[Records from a collection]
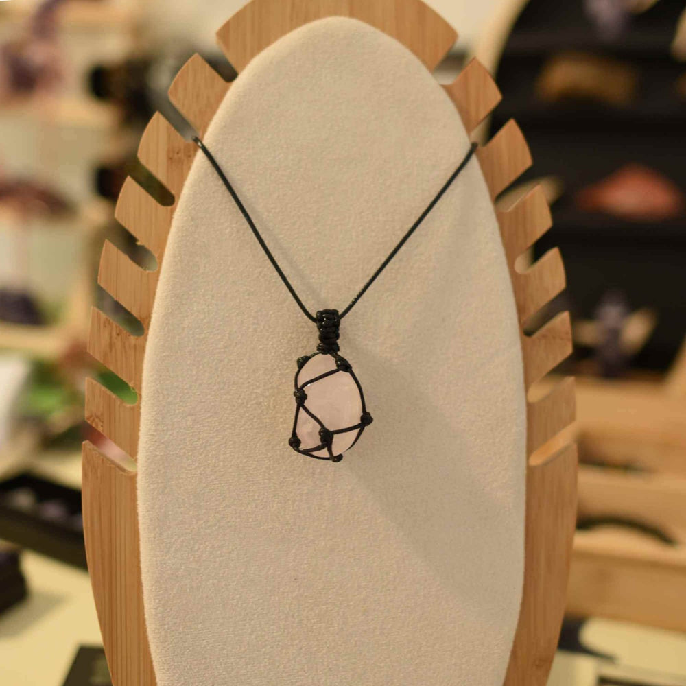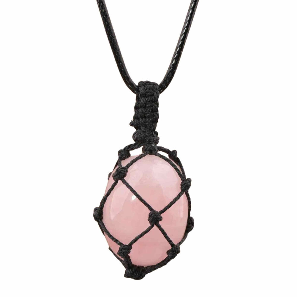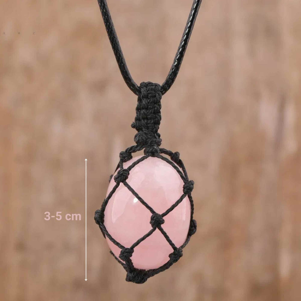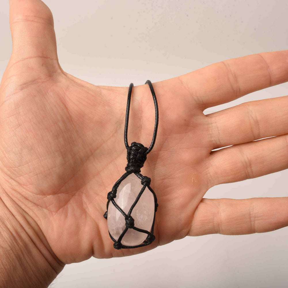 Colier cu Pandantiv din Piatra Cuart Roz si Sfoara Impletita, Bijuterie pentru Meditatie si Yoga, Cadou Special pentru Femei
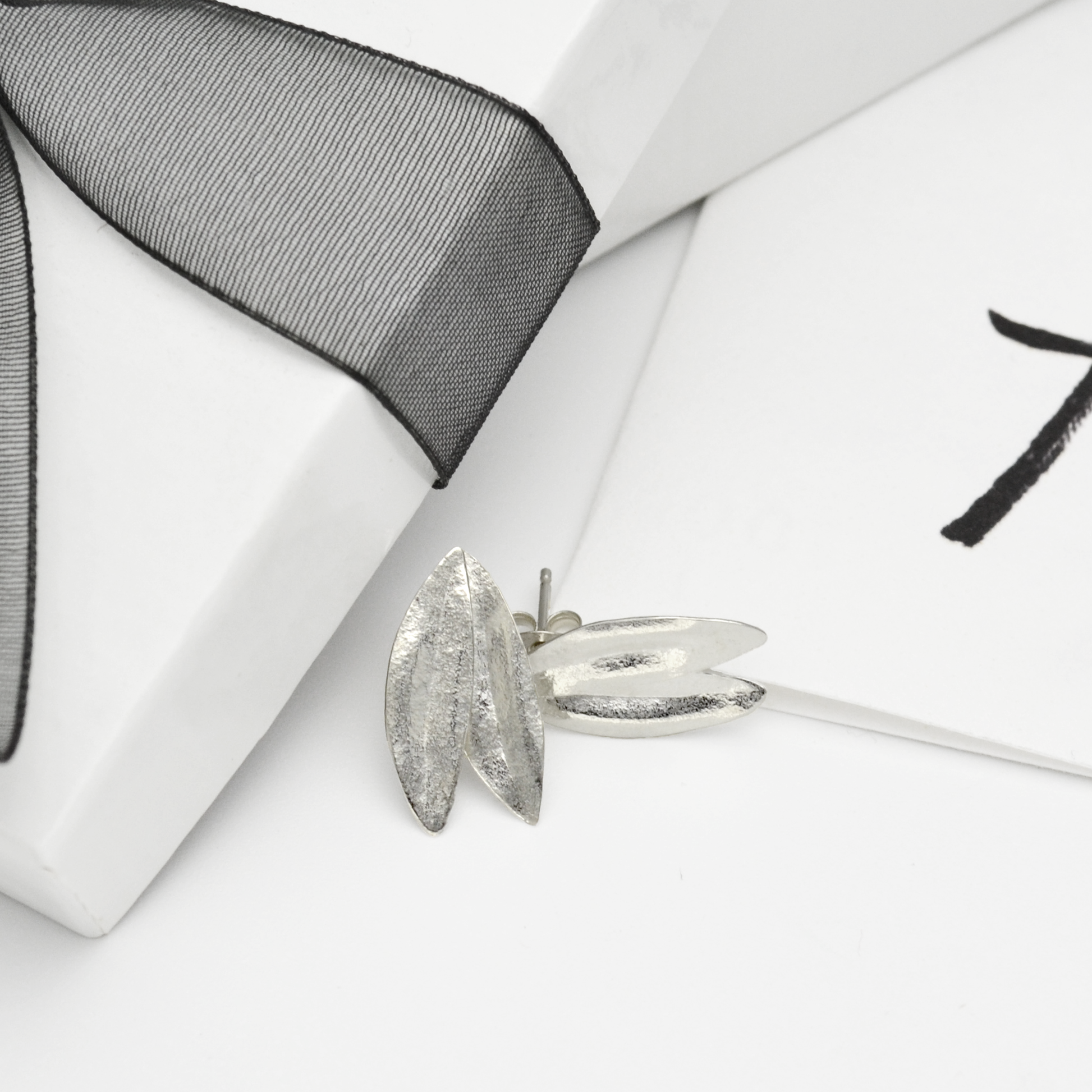Peace Small Olive Leaf Stud Earrings in Sterling Silver
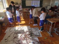2年生はサツマイモを栽培しています。今日は、収穫の前にサツマイモのつるを使ってリ...
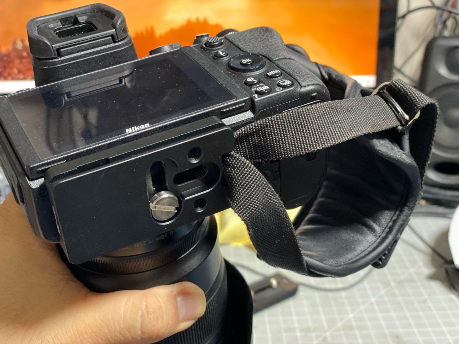또, JJC에서 카메라용 핸드 스트랩을 많이 내서인지 한 쪽에 끈을 걸 수 있게 해 놓았고, 카메라의 삼각대 고정부의 위치에 맞춰 가로 또는 세로 구멍에 스크류를 옮겨 카메라 중간에 플레이트가 위치할 수 있도록 만들어 놓은 게 인상적이다.
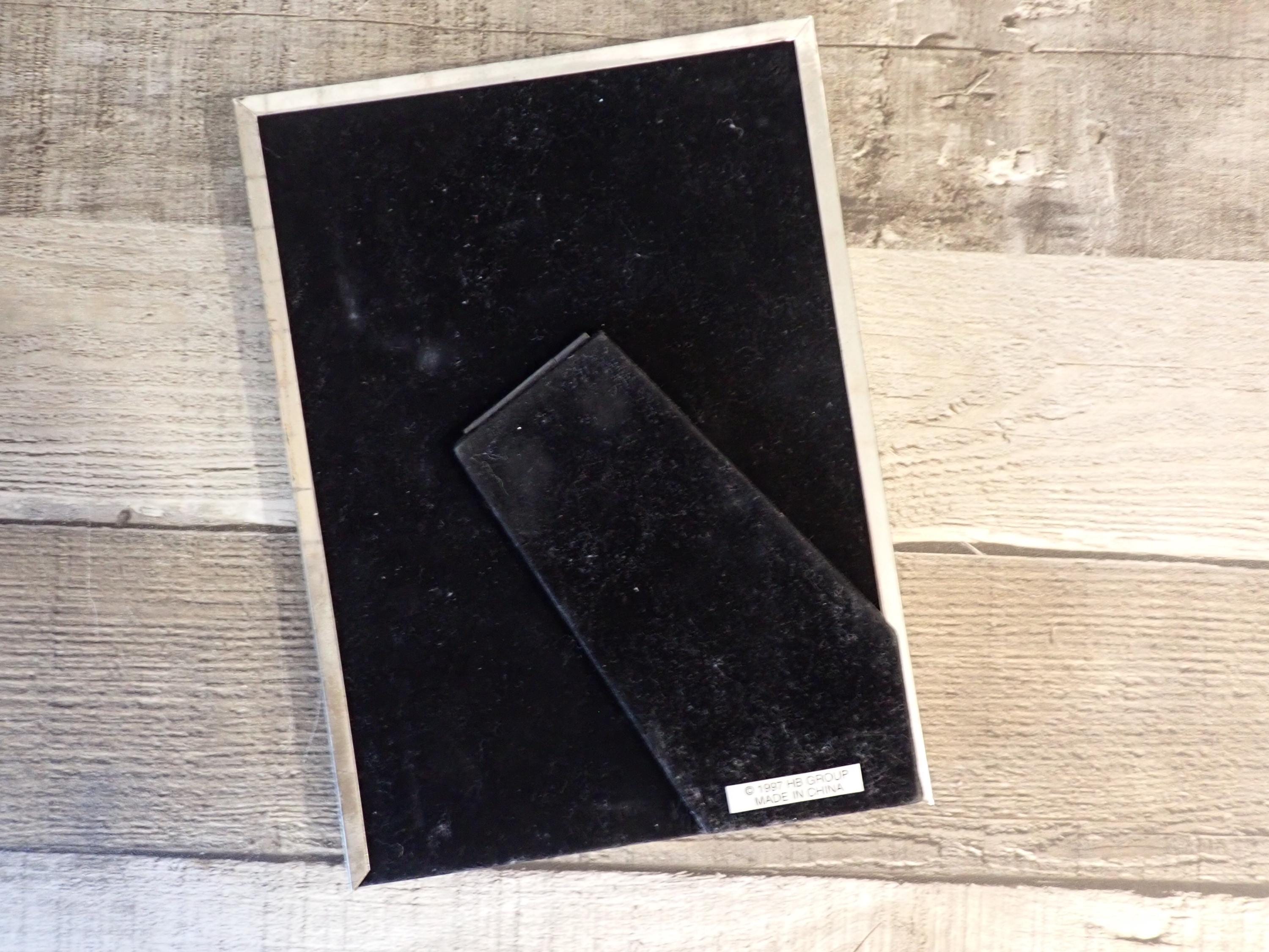 This silver metal photo frame is 7.5" tall by 5.75" wide and can hold one 4x6 photo vertically or hotizontally. The frame is a shiny silver metal and has a geometric flower design around the edge. The frame has a clear glass insert over the photo opening, and a cardboard backing piece with a photo stand. The frame is in very good condition, however there are some light scratches here and there.
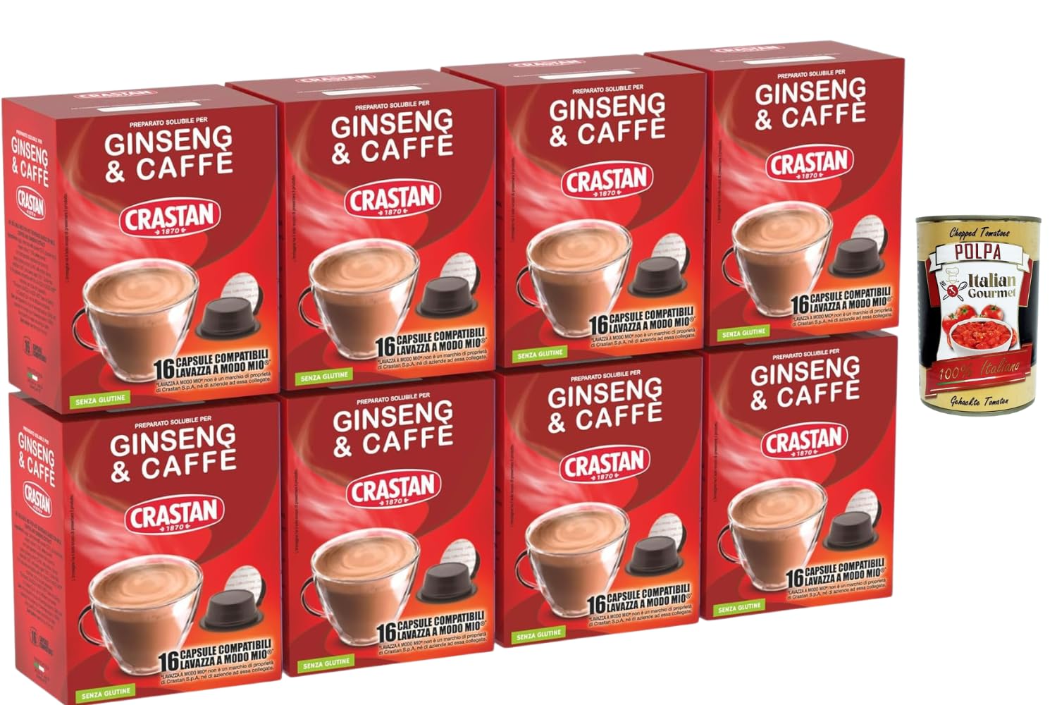 Italian Gourmet 128-Capsule Pack of Coffee and Ginseng (8 x 16) compatible with the A Modo Mio system and Italian Gourmet Polpa. Enjoy a creamy and aromatic ginseng coffee beverage in a convenient capsule format: simply insert, start, and serve in seconds. Perfect for breakfast, a break at the office, or a quick treat in between—no measuring, no mess. Pack of 8 boxes of 16 capsules 128 servings. Convenience: quick preparation in the capsule system. Taste: creamy, full-bodied, pleasantly aromatic. Everyday use: ideal for home, guests, the office, and home offices. Pack includes Italian Gourmet Polpa (canned tomato pulp). Serving suggestion: Add hot milk for a latte or enjoy over ice. Polpa is ideal for tomato sauces, pizzas, or Mediterranean recipes. INGREDIENTS Ingredients: Sugar, skimmed milk powder (22 ), glucose syrup, instant coffee (11.5 ), whey powder, non-hydrogenated vegetable fats (coconut), Panax ginseng extract (0.4 ), milk proteins, flavoring, stabilizer E451, release agent: E551. SAFETY WARNING Contains milk and coconut - May contain traces of other allergens. MANUFACTURER'S DETAILS CRASTAN S.p.A., Via Maremmana 24 • Zona Industriale Gello, 56025, Pontedera (PI), Italy See moreItalian Gourmet Lot de 128 capsules de café et ginseng (8 x 16) compatibles avec le système A Modo Mio Café crémeux au ginseng rapide et facile, sans gluten Pack de conservation Italian GourmetDESCRIPTION DU PRODUIT DESCRIPTION DU PRODUIT Italian Gourmet Lot de 128 capsules de café et de ginseng (8 x 16) compatibles avec le système A Modo Mio et Italian Gourmet Polpa. Profitez d'une boisson crémeuse et aromatique au café au ginseng en forme de capsule pratique : il suffit de l'insérer, de démarrer et de servir en quelques secondes. Parfait pour le petit déjeuner, la pause au bureau ou le plaisir rapide entre les deux, sans mesures, sans encombrement. Lot de 8 boîtes de 16 capsules 128 portions. Confort : préparation rapide dans le système de capsule. Goût : crémeux, corsé, agréablement aromatique. Usage quotidien : idéal pour la maison, les invités, le bureau et le bureau à domicile. Lot : y compris Italian Gourmet Polpa (pulpe de tomate en boîte). Astuce de service : ajoutez du lait chaud pour un café latte ou savourez sur de la glace. Le polpa est idéal pour les sauces tomate, les pizzas ou les recettes méditerranéennes. INGRÉDIENTS Ingrédients : sucre, lait écrémé en poudre (22 ), sirop de glucose, café instantané (11,5 ), lactosérum en poudre, graisses végétales non hydrogénées (noix de coco), extrait de ginseng Panax (0,4 ), protéines de lait, arôme, stabilisateur E451, agent de démoulage : E551. AVERTISSEMENT DE SÉCURITÉ Contient du lait et de la noix de coco - Peut contenir des traces d'autres allergènes COORDONNÉES DU FABRICANT CRASTAN S.p.A., Via Maremmana 24 • Zona Industriale Gello, 56025, Pontedera (PI), IT Voir plus

** EXERCISE DESCRIPTION **
Reprint each of the records exactly and skip the images.

** RESPONSE TO THE EXERCISE **
 Colier cu Pandantiv din Piatra Cuart Roz si Sfoara Impletita, Bijuterie pentru Meditatie si Yoga, Cadou Special pentru Femei
Peace Small Olive Leaf Stud Earrings in Sterling Silver
2年生はサツマイモを栽培しています。今日は、収穫の前にサツマイモのつるを使ってリ...
또, JJC에서 카메라용 핸드 스트랩을 많이 내서인지 한 쪽에 끈을 걸 수 있게 해 놓았고, 카메라의 삼각대 고정부의 위치에 맞춰 가로 또는 세로 구멍에 스크류를 옮겨 카메라 중간에 플레이트가 위치할 수 있도록 만들어 놓은 게 인상적이다.
 This silver metal photo frame is 7.5" tall by 5.75" wide and can hold one 4x6 photo vertically or hotizontally. The frame is a shiny silver metal and has a geometric flower design around the edge. The frame has a clear glass insert over the photo opening, and a cardboard backing piece with a photo stand. The frame is in very good condition, however there are some light scratches here and there.
 Italian Gourmet 128-Capsule Pack of Coffee and Ginseng (8 x 16) compatible with the A Modo Mio system and Italian Gourmet Polpa. Enjoy a creamy and aromatic ginseng coffee beverage in a convenient capsule format: simply insert, start, and serve in seconds. Perfect for breakfast, a break at the office, or a quick treat in between—no measuring, no mess. Pack of 8 boxes of 16 capsules 128 servings. Convenience: quick preparation in the capsule system. Taste: creamy, full-bodied, pleasantly aromatic. Everyday use: ideal for home, guests, the office, and home offices. Pack includes Italian Gourmet Polpa (canned tomato pulp). Serving suggestion: Add hot milk for a latte or enjoy over ice. Polpa is ideal for tomato sauces, pizzas, or Mediterranean recipes. INGREDIENTS Ingredients: Sugar, skimmed milk powder (22 ), glucose syrup, instant coffee (11.5 ), whey powder, non-hydrogenated vegetable fats (coconut), Panax ginseng extract (0.4 ), milk proteins, flavoring, stabilizer E451, release agent: E551. SAFETY WARNING Contains milk and coconut - May contain traces of other allergens. MANUFACTURER'S DETAILS CRASTAN S.p.A., Via Maremmana 24 • Zona Industriale Gello, 56025, Pontedera (PI), Italy See moreItalian Gourmet Lot de 128 capsules de café et ginseng (8 x 16) compatibles avec le système A Modo Mio Café crémeux au ginseng rapide et facile, sans gluten Pack de conservation Italian GourmetDESCRIPTION DU PRODUIT DESCRIPTION DU PRODUIT Italian Gourmet Lot de 128 capsules de café et de ginseng (8 x 16) compatibles avec le système A Modo Mio et Italian Gourmet Polpa. Profitez d'une boisson crémeuse et aromatique au café au ginseng en forme de capsule pratique : il suffit de l'insérer, de démarrer et de servir en quelques secondes. Parfait pour le petit déjeuner, la pause au bureau ou le plaisir rapide entre les deux, sans mesures, sans encombrement. Lot de 8 boîtes de 16 capsules 128 portions. Confort : préparation rapide dans le système de capsule. Goût : crémeux, corsé, agréablement aromatique. Usage quotidien : idéal pour la maison, les invités, le bureau et le bureau à domicile. Lot : y compris Italian Gourmet Polpa (pulpe de tomate en boîte). Astuce de service : ajoutez du lait chaud pour un café latte ou savourez sur de la glace. Le polpa est idéal pour les sauces tomate, les pizzas ou les recettes méditerranéennes. INGRÉDIENTS Ingrédients : sucre, lait écrémé en poudre (22 ), sirop de glucose, café instantané (11,5 ), lactosérum en poudre, graisses végétales non hydrogénées (noix de coco), extrait de ginseng Panax (0,4 ), protéines de lait, arôme, stabilisateur E451, agent de démoulage : E551. AVERTISSEMENT DE SÉCURITÉ Contient du lait et de la noix de coco - Peut contenir des traces d'autres allergènes COORDONNÉES DU FABRICANT CRASTAN S.p.A., Via Maremmana 24 • Zona Industriale Gello, 56025, Pontedera (PI), IT Voir plus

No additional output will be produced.